In 2007, he became part of the Young Academy of Sciences of the netherlands. After becoming a full professor n Nijmegen in 2008, Strous moved to the Max Planck Institute for Marine Microbiology and took up a chair in Bielefeld, Germany. He is currently investigating environmental selection of microbes with a combination of continuous culture, high resolution calorimetry and metagenomics. In Bremen the research still focuses on the nitrogen cycle. In Bielefeld his group aims to deliver a proof of concept for solar methane production at a competitive price.

Abstract: How to search for new microbial activities

Marc Strous, Max Planck Institute for Marine Microbiology, Bremen, Center for Biotechnology, University of Bielefeld, Germany

Biology generally proceeds from experimental observations. For example, when nitrogen removal from wastewater started in the nineteen seventies, engineers were surprised when biologists explained them that to convert ammonia into nitrogen, they should first oxidize it all the way to nitrate.
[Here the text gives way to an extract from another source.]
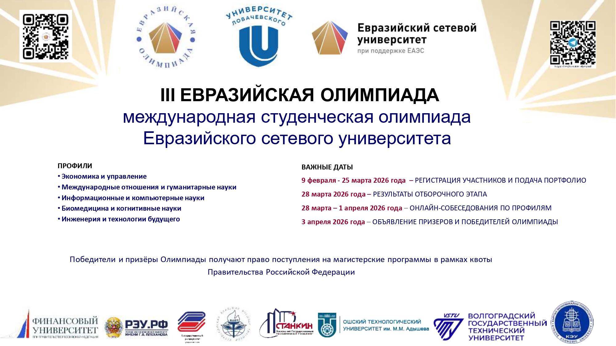 Олимпиада проводится на русском языке в дистанционном формате и направлена на развитие евразийского образовательного и научного пространства, поддержку талантливых студентов и выпускников российских и зарубежных вузов, желающих продолжить обучение в магистратуре Евразийского сетевого университета по приоритетным направлениям развития ЕАЭС.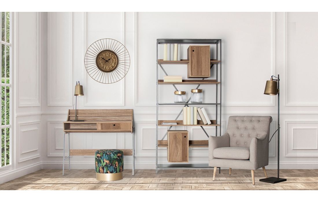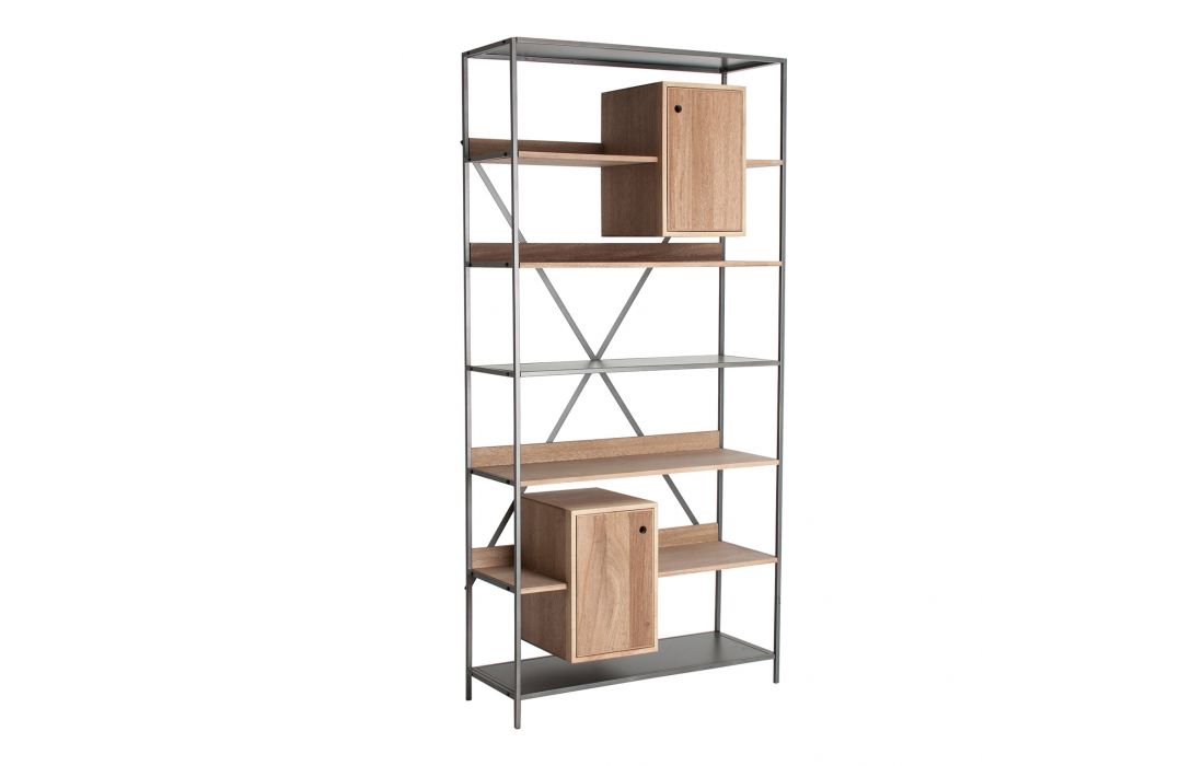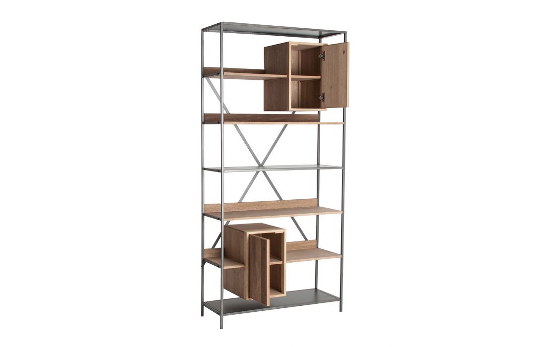 Livreiro em madeira de abeto natural e estrutura em ferro cinzento, com 6 prateleiras de madeira e metal e com 2 gavetas. Dimensões em cm L 95 P 38 A200

Direct oxidation of ammonia was impossible – because it had never been observed.

Faced with the astounding microbial biodiversity that lays in front of us, it does no longer make sense to define the possible and the impossible only by what has been observed. I will illustrate this point with the discoveries of two “new” microbial activities: anaerobic ammonium oxidation and methanotrophy coupled to denitrication. Based on these stories I will argue that thermodynamics and metagenomics are two complementary and essential tools to acquire predictive understanding of complex microbial communites.